Brian McDonald from Bay Advisory joins the show for Part 2 of a 2-part series on M&A and raising capital for entrepreneurs and talks through the logic of exit plans, focusing on outcomes rather than actions when taking money off the table, balancing your gut instinct with valuations, the tendencies of different kinds of buyers after the sale…and the potential for doing a deal in the Irish language!
This episode of MoneyNeverSleeps is sponsored by PAT Fintech, the training partner that demystifies fintech and digital finance for financial services professionals.
Brian is the Managing Director at Bay Advisory, a team of corporate finance specialists who apply their knowledge and expertise to the tech sector, helping these small and medium enterprises sell and fundraise at the best value. In Part 1 on episode 118, Brian talked through his origin story and the Bay Advisory approach, so check out that episode first.
On the importance of an entrepreneur’s long-term view: “If you’re starting a business and you don’t ever see yourself exiting, and you’re going to hand this business onto your kids, you better make sure your investors are aligned. In other words, if you never want to exit this business, don’t take in money from angels or VCs.”
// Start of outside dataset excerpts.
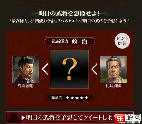 明天的武将将会是谁呢?根据“最高能力”和“四项能力总和”2个线索大家试着来猜猜看吧。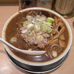 | 備考 | 渡なべスタイルによる運営。 支払は、キャッシュレスオンリーの食券形式。 札幌の森住製麺からわざわざ取り寄せた中太縮れ麺は、 届いてから数日間熟成させてプリッとした食感を引き出す。 麺量は並盛150g・大盛り225g。 チャーシューは豚肩ロースを 醤油で肉々しさを残す程度に煮込む。 またこの醤油は札幌ブラックのタレとして使用しており ブラックの黒さの素となっている。 塩ダレは昆布出汁をベースにシンプルにみりんや塩で味付け。 スープは野菜などは加えず豚のゲンコツと昆布のみから じっくり旨味を抽出。 調理はラードで豚ひき肉やニンニクを炒めてから 玉ねぎやもやしを追加。 そこにタレとスープを加えて高温で一気に仕上げる。 (以上はYoutube「ぶらり麺ch.」より) |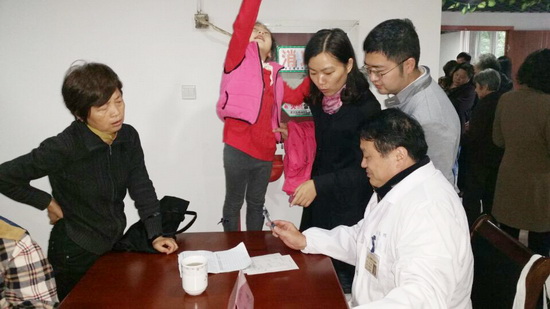 2014年11月1日,天空下着毛毛细雨,一群身着白衣的医师和专家来到和美第小区进行义诊活动。下午2:30,和美第小区的业主早已排成了一条长龙;等候义诊。应邀前来现场的苏北医院内科、骨科、儿科等专家、医师热情的为小区业主进行义诊。免费为小区业主现场体检,测血压、血糖、看病,开处方签,并接受老年疾病预防与健康和日常生活、起居等健康知识咨询。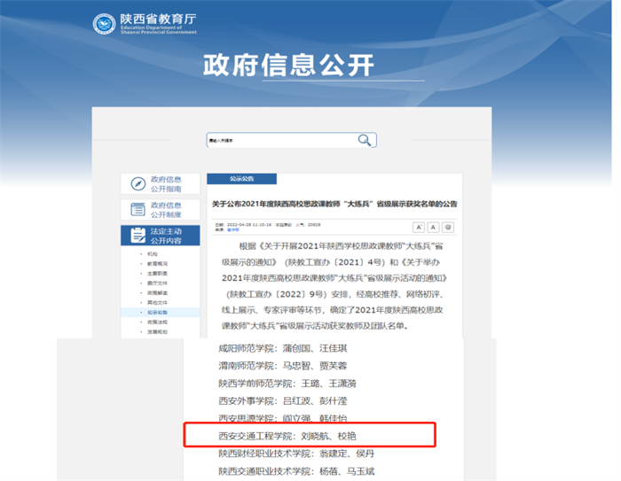 近日,陕西省教育厅公布了2021年度陕西高校思政课教师“大练兵”省级展示活动获奖教师及团队名单,我校马克思主义学院的刘晓航老师及其团队喜获佳绩,荣获思政课团队“思政课教学团队能手”荣誉称号,这是我校首次进入陕西高校思政课教师“大练兵”省级展示决赛并取得佳绩。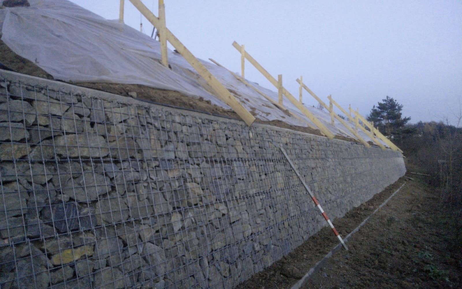 Na pochyłych działkach inwestor planował budowę domów jednorodzinnych, dlatego konieczne było wyrównanie terenu. Skarpa miała nachylenie 13–18°. Projektanci zdecydowali się na konstrukcję z gruntu zbrojonego z licem z kruszywa o nachyleniu 80°. Na tej konstrukcji został dodatkowo usypany zbrojony stok o nachyleniu 1:1.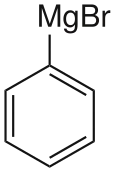 Phenylmagnesium bromide, with the simplified formula C6H5MgBr, is a magnesium-containing organometallic compound. It forms colorless crystals. It is commercially available as a solution in diethyl ether or tetrahydrofuran (THF). Phenylmagnesium bromide is a Grignard reagent. It is often used as a synthetic equivalent for the phenyl "Ph−" synthon.
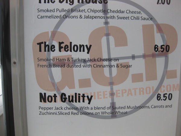 I sacrificed myself on Wednesday, and, in the theme of crime fiction, I had the “Felony” from the Grill Cheese Patrol truck. I meant to take a picture of my food. But I ate it instead. Oops.\

On the impact of an exit plan: “I think that having an exit plan has no bearing on your passion or drive for your business, it’s simply a reasonable precaution.”
On what to do when an entrepreneur’s mindset shifts into sell mode: “The very first thing you should do is talk to someone you trust. I don’t want to hear the action; I want to hear the outcome you want as an entrepreneur. It’s not that you want to sell the business, it’s where you want to get to, and then you have options. Always focus on what result you want, and then back-solve from there.”
On the importance of recurring revenue to a valuation: “We always dig down into what’s true recurring revenue, particularly in software businesses that may be closer to a consulting business wrapped us as a SaaS business. We always look for ‘passive’ income, with the perfect example being Microsoft Office, and the other end of the spectrum is Accenture. The question is, are you more like Microsoft or Accenture?”
On the entrepreneur focusing on driving the business during the sale process: “The biggest factor in getting that top valuation is that the seller focuses on the business during the process because they need to drive EBITDA. What can destroy a valuation is overestimating the performance at the point of sale, because that gives all of the negotiating leverage to the buyer.”
On one of the big challenges with buyers: “What’s really hard for a founder is when there is someone that they really like and really want to sell the business to, but their offer is considerably lower than another party. It’s really difficult for the founder to balance the two offers when they want to continue driving the business after the deal.”
On the importance of managing confidentiality: “If you go too wide in the market [by looking for too many offers], there can be a sense of desperation, and now everyone in the market knows your business in detail if you’re not careful.”
On the differences between private equity vs corporate buyers: “Fairly broadly, a PE firm is looking at a business as a standalone entity, and it’s really important for the whole business to come across so they can drive revenue through the same cost base. With a corporate buyer, very often it’s an integration play, they’re usually more open to the founder exiting, and they’re very focused on cost synergies.”
On the hard thing with earn-outs: “Most earn-outs are over a couple of years, but as soon as you agree to the earn-out, you’re effectively starting the process of getting the money out of the buyer’s bank account and into yours. The buyer has to write another check and earn-outs can lead to fights no matter how well the lawyers have structured the agreement.”